La Corte di Cassazione, Sezioni Unite, con la sentenza n° 20808 del 15 maggio 2019, si è pronunciata in merito al contrasto giurisprudenziale circa la rilevanza dei precedenti penali quando la recidiva contestata non abbia determinato un aumento di pena.

Questo il quesito rimesso alle Sezioni Unite: “Se la recidiva contestata e accertata nei confronti dell’imputato e solo implicitamente riconosciuta dal giudice di merito che, pur non ritenendo di aumentare la pena a tale titolo, abbia specificamente valorizzato, per negare il riconoscimento delle circostanze attenuanti generiche, i precedenti penali dell’imputato, rileva o meno ai fini del calcolo del tempo necessario ai fini della prescrizione del reato”.

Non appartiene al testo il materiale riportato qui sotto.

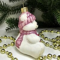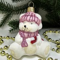 Irena-Co елочная игрушка, стекло Мишка беби флок (6,5х6,5х5см)

I Giudici della Corte hanno affermato il principio per cui la valorizzazione dei precedenti penali dell’imputato per la negazione delle attenuanti generiche non implica il riconoscimento della recidiva in assenza di aumento della pena a tale titolo o di giudizio di comparazione tra la circostanze concorrenti eterogenee; in tal caso la recidiva non rileva ai fini del calcolo dei termini di prescrizione del reato.

Quando una circostanza aggravante (nel caso specifico la recidiva) risulti essere subvalente rispetto ad una circostanza attenuante, la Corte ritiene che trovi applicazione il principio del favor rei, dovendosi neutralizzare l’esplicazione degli effetti diretti ed indiretti della stessa (tra cui quello inerente la modifica del termine di prescrizione), nonostante l’implicito riconoscimento, stante la mancata applicazione in termini di aumento di pena.